▶ TASK GOAL: Copy the material below verbatim from the line with "위 코드에서 person" to the line with "806 五合一功能 玻璃屏 西尚方案 明光指纹头 铝面板 精雕把手 家家乐智能锁", both lines included, omitting pictures and every line outside that range.

▶ TASK DATA:
-=-=-
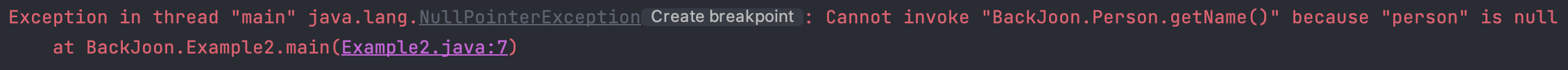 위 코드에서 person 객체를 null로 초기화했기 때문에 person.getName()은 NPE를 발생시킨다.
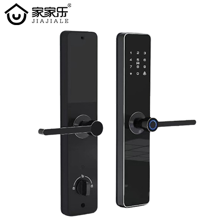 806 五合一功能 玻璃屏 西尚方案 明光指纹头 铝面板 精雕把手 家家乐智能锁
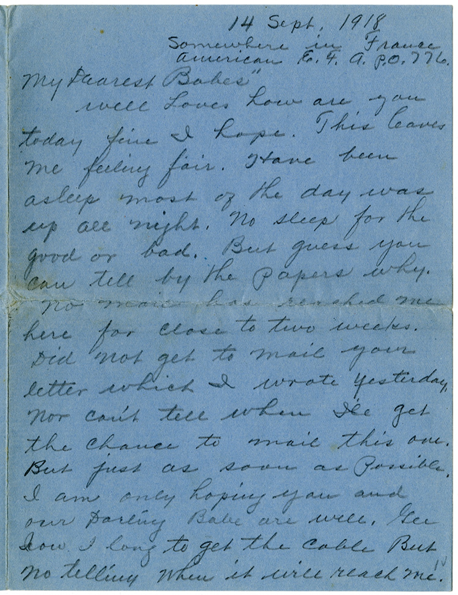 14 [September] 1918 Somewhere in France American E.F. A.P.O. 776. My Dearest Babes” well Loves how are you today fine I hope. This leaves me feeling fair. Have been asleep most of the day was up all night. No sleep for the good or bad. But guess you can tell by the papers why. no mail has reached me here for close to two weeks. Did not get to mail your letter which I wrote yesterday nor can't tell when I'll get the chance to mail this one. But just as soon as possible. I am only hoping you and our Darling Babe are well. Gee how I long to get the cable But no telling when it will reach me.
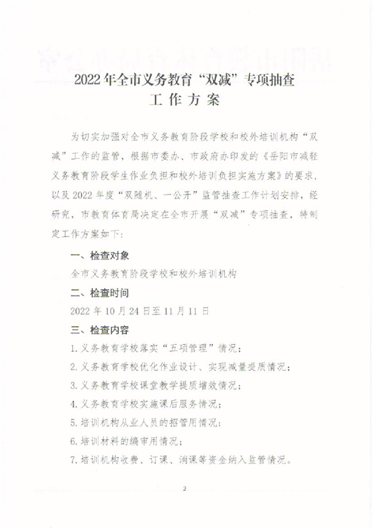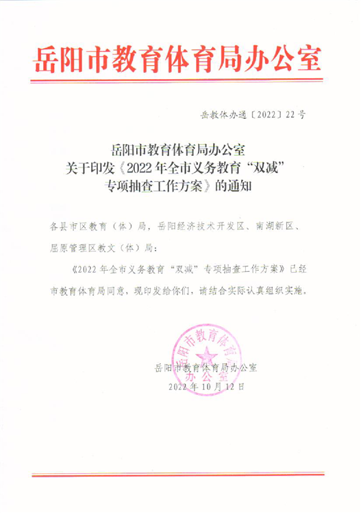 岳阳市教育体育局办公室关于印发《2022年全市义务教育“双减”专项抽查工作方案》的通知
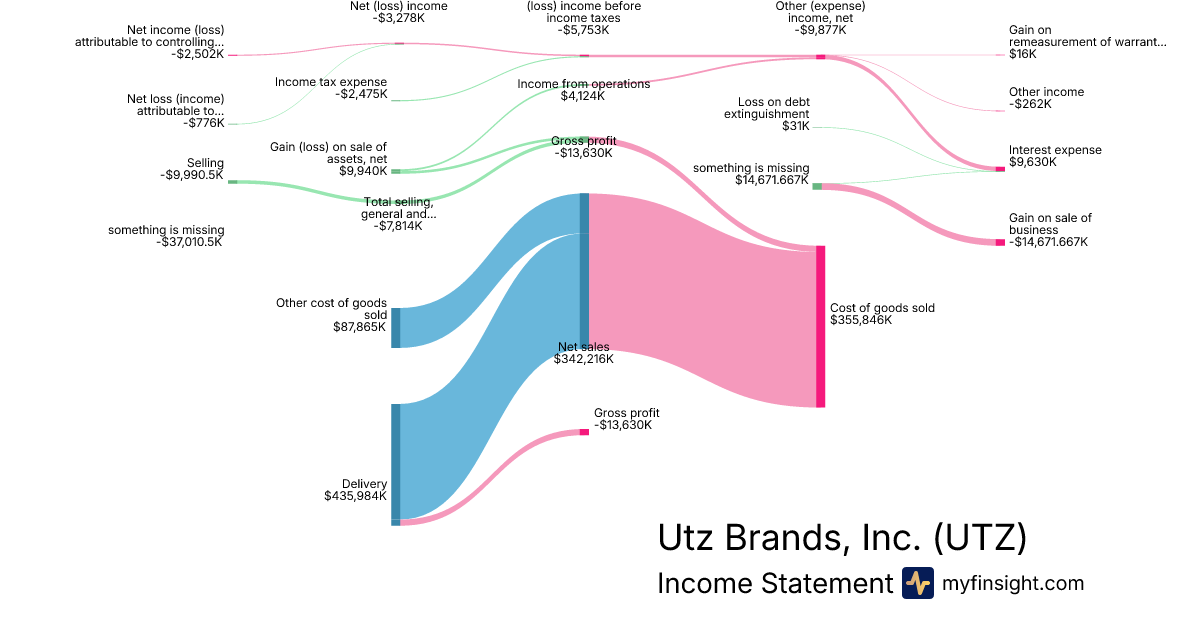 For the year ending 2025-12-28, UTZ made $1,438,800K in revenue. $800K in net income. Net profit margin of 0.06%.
-=-=-
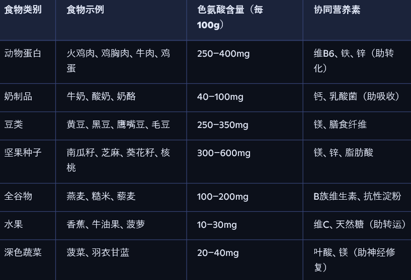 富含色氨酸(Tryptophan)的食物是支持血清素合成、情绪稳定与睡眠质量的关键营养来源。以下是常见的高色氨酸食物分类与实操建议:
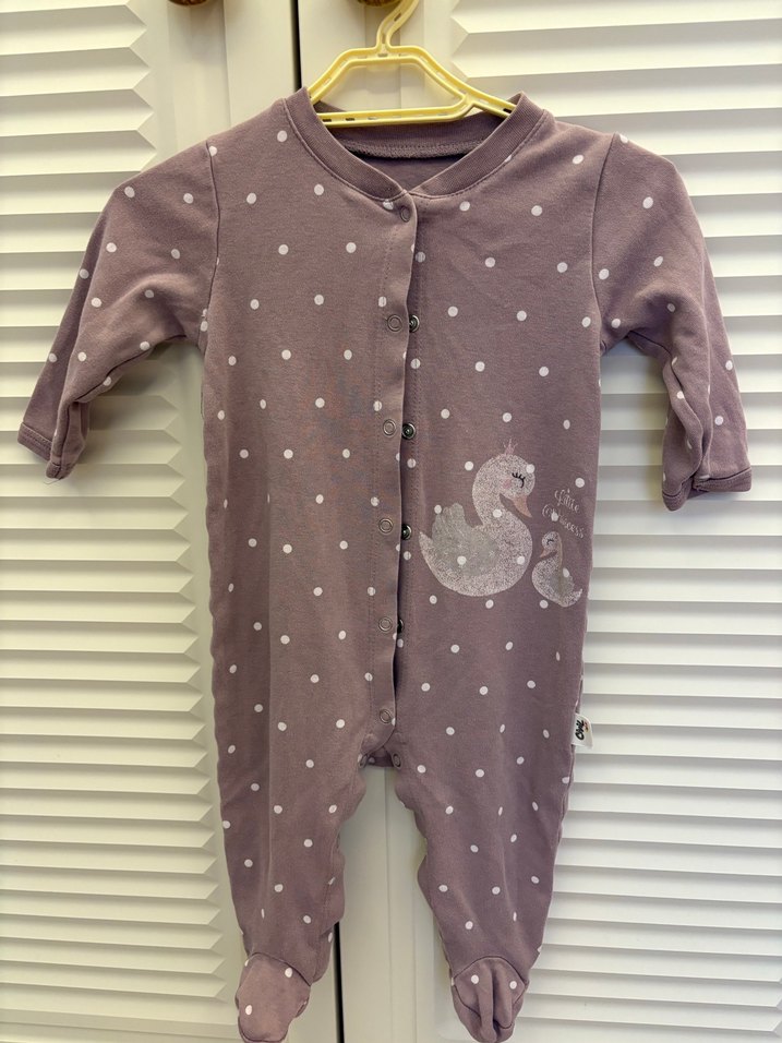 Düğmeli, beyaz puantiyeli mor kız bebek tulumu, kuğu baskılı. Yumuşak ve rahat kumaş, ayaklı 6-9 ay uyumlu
-=-=-
▶ SOLUTION TO THIS EXERCISE:
 위 코드에서 person 객체를 null로 초기화했기 때문에 person.getName()은 NPE를 발생시킨다.
 806 五合一功能 玻璃屏 西尚方案 明光指纹头 铝面板 精雕把手 家家乐智能锁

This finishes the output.